Implement two improvements to your chatbot from HA1.

1. Use word normalizations to make your chatbot less brittle.  Specifically, use NLTK's stemmer to accept word variations in the user's response.  For example, your chatbot should be able to understand (using normalization/stemming) that 'Can I (*)' and 'Could I (*)' map to the same response pair.  Print to the chatlog the original and the stemmed versions of the user input.  

2. Compute and print the total count of types and the total count of tokens in the stemmed version of user's input from the chatlog (Ignore the chatbot responses for this part.)  Use 10-15 dialogues for this part.  Don't use NLTK's tokenizer.  Implement a simple tokenizer of your own. 
Notes:
* You choose the NLTK stemmer you would like to use in your program. 

Submit: 
1. The python program or ipython notebook
2. Output from your program (chatlog and the counts)

---

## Code:

In [13]:
# Natural Language Toolkit: Chatbot Utilities
#
# Copyright (C) 2001-2022 NLTK Project
# Authors: Steven Bird <stevenbird1@gmail.com>
# URL: <https://www.nltk.org/>
# For license information, see LICENSE.TXT

# Based on an Eliza implementation by Joe Strout <joe@strout.net>,
# Jeff Epler <jepler@inetnebr.com> and Jez Higgins <jez@jezuk.co.uk>.

import random
import re
from nltk.stem.snowball import SnowballStemmer

reflections = {
    "i am": "you are",
    "i was": "you were",
    "i": "you",
    "i'm": "you are",
    "i'd": "you would",
    "i've": "you have",
    "i'll": "you will",
    "my": "your",
    "you are": "I am",
    "you were": "I was",
    "you've": "I have",
    "you'll": "I will",
    "your": "my",
    "yours": "mine",
    "you": "me",
    "me": "you",
}

class Chat:
    def __init__(self, pairs, reflections={}):
        """
        Initialize the chatbot.  Pairs is a list of patterns and responses.  Each
        pattern is a regular expression matching the user's statement or question,
        e.g. r'I like (.*)'.  For each such pattern a list of possible responses
        is given, e.g. ['Why do you like %1', 'Did you ever dislike %1'].  Material
        which is matched by parenthesized sections of the patterns (e.g. .*) is mapped to
        the numbered positions in the responses, e.g. %1.

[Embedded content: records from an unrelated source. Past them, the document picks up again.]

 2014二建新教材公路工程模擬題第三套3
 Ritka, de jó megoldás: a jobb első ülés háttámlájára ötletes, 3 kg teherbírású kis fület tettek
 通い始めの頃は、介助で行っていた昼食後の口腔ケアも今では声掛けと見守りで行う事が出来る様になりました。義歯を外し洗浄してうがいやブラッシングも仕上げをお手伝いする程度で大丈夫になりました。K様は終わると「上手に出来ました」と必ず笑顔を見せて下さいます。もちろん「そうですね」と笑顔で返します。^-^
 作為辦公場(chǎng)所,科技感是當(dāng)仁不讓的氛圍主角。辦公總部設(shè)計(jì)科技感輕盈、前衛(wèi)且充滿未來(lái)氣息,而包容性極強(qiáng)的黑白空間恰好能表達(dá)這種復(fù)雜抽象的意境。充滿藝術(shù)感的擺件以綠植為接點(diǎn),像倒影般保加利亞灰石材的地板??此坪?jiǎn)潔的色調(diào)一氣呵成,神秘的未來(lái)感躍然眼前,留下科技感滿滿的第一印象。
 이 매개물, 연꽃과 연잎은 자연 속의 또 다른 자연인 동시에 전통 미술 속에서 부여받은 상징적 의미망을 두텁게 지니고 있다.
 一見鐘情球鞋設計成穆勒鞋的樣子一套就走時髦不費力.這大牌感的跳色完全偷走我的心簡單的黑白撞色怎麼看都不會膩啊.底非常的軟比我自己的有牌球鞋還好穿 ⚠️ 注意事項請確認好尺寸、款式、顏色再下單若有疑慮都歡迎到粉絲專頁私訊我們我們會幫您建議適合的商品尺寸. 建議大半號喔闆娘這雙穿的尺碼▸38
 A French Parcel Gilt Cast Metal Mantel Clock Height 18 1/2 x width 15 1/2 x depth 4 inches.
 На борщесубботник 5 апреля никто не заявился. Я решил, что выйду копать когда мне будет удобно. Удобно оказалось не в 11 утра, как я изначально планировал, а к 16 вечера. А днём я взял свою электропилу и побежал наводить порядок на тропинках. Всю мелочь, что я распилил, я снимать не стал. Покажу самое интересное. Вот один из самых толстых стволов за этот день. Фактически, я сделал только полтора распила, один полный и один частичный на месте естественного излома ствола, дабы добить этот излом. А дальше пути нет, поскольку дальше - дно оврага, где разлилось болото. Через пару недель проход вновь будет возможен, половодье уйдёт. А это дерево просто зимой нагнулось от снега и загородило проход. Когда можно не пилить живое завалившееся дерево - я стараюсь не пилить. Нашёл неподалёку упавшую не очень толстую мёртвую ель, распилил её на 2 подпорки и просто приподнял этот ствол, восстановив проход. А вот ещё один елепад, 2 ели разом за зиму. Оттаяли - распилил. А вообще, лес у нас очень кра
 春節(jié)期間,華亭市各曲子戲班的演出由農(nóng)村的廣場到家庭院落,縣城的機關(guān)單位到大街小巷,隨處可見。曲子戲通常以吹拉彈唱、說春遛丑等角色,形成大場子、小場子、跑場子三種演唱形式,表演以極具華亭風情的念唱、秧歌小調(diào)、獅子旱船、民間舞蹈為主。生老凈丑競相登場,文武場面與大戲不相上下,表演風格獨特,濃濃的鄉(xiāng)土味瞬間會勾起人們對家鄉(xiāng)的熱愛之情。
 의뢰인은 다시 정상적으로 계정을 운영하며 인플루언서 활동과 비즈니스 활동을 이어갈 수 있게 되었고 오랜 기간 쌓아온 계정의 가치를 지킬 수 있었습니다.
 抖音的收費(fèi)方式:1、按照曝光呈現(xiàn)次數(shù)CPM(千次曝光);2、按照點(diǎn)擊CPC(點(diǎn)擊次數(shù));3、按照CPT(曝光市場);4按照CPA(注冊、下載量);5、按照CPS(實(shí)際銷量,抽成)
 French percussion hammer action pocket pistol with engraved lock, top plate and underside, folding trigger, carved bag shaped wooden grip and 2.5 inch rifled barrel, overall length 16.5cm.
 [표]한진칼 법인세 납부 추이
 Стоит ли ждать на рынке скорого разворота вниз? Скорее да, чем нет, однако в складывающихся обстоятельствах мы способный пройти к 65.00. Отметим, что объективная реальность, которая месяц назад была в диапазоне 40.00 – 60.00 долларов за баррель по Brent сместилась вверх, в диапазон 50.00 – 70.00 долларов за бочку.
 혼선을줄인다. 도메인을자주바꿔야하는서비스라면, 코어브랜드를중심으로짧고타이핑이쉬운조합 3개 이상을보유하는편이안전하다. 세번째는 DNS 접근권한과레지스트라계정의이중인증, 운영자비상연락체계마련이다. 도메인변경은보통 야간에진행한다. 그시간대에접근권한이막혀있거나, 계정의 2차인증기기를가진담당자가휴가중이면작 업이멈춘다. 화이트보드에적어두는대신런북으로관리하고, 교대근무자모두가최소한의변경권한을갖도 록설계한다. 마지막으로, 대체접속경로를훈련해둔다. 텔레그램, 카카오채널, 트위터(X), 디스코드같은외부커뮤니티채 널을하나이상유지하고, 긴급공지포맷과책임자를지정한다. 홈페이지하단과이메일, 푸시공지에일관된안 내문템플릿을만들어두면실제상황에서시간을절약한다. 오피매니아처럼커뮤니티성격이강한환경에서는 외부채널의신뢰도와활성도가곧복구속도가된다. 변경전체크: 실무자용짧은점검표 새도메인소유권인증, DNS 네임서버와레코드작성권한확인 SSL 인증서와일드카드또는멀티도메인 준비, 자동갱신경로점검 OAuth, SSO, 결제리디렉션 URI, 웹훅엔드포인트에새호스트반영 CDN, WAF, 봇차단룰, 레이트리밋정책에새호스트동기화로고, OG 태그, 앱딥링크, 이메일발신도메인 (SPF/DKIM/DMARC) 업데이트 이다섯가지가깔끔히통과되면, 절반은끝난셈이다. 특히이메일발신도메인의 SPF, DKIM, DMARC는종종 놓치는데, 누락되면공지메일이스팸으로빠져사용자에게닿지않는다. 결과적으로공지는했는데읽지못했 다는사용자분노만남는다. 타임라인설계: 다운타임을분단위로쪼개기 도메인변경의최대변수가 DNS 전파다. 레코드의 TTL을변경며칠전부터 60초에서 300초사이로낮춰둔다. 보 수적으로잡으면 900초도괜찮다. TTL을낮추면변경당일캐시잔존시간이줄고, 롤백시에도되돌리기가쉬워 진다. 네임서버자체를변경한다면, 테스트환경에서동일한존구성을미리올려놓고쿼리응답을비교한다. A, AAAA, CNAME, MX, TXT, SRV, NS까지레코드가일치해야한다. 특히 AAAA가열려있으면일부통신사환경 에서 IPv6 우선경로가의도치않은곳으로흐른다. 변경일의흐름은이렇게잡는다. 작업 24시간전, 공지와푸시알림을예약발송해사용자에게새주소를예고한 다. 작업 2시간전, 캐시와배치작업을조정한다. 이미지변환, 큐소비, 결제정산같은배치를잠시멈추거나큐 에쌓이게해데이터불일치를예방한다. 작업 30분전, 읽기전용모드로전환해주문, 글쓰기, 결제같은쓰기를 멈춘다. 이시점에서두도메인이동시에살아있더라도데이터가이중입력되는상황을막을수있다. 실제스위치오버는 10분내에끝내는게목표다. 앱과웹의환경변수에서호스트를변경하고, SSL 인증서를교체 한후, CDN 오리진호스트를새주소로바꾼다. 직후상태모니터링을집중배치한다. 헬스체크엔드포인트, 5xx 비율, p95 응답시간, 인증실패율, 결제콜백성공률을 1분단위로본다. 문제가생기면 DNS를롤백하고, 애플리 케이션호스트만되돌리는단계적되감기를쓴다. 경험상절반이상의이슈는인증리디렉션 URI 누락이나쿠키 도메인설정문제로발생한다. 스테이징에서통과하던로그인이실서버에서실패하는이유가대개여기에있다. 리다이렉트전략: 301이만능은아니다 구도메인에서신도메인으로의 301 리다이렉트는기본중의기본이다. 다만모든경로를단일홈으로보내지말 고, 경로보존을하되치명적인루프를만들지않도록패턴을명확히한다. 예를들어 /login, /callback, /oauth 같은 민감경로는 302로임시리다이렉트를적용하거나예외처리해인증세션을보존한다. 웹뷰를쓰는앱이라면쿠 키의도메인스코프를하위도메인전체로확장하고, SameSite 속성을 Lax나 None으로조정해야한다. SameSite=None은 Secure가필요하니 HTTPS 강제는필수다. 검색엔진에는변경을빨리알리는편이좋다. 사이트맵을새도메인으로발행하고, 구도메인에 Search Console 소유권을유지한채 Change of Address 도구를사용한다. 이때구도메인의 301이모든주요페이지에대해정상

        :type pairs: list of tuple
        :param pairs: The patterns and responses
        :type reflections: dict
        :param reflections: A mapping between first and second person expressions
        :rtype: None
        """

        self._pairs = [(re.compile(x, re.IGNORECASE), y) for (x, y) in pairs]
        self._reflections = reflections
        self._regex = self._compile_reflections()
        self._raw_text = []
        self._text_types = {}

    def _compile_reflections(self):
        sorted_refl = sorted(self._reflections, key=len, reverse=True)
        return re.compile(
            r"\b({})\b".format("|".join(map(re.escape, sorted_refl))), re.IGNORECASE
        )

    def _substitute(self, str):
        """
        Substitute words in the string, according to the specified reflections,
        e.g. "I'm" -> "you are"

        :type str: str
        :param str: The string to be mapped
        :rtype: str
        """

        return self._regex.sub(
            lambda mo: self._reflections[mo.string[mo.start() : mo.end()]], str.lower()
        )

    def _wildcards(self, response, match):
        pos = response.find("%")
        while pos >= 0:
            num = int(response[pos + 1 : pos + 2])
            response = (
                response[:pos]
                + self._substitute(match.group(num))
                + response[pos + 2 :]
            )
            pos = response.find("%")
        return response

    def respond(self, str):
        """
        Generate a response to the user input.

        :type str: str
        :param str: The string to be mapped
        :rtype: str
        """

        # check each pattern
        for (pattern, response) in self._pairs:
            match = pattern.match(str)

            # did the pattern match?
            if match:
                resp = random.choice(response)  # pick a random response
                resp = self._wildcards(resp, match)  # process wildcards

                # fix munged punctuation at the end
                if resp[-2:] == "?.":
                    resp = resp[:-2] + "."
                if resp[-2:] == "??":
                    resp = resp[:-2] + "?"
                return resp

    # Clear stored conversations
    def clear_conversation(self):
        self._raw_text = []
        self._text_types = {}

    # Store raw conversation into a list
    def store_raw_text(self, text: list[str]):
        self._raw_text.extend(text)

    # Store conversation text types with counts in a dictionary
    def process_text_types(self, text: list[str]) -> str:
        stemmer = SnowballStemmer("english")
        stemmed_text = []
        for word in text:
            # I'm really hungry.  I am wanting some food.
            word_stem = re.sub(r'[^\w\s\']', '', stemmer.stem(word))
            # ["I", am, real, hungr, I, am, want, som, food]
            stemmed_text.append(word_stem)
            if word_stem in self._text_types.keys():
                self._text_types[word_stem] = self._text_types.get(word_stem) + 1
            else:
                self._text_types[word_stem] = 1
        return ' '.join(stemmed_text)
    
    # Count types
    def type_count(self) -> int:
        return len(self._text_types.keys())

    # Count tokens
    def token_count(self) -> int:
        return sum(self._text_types.values())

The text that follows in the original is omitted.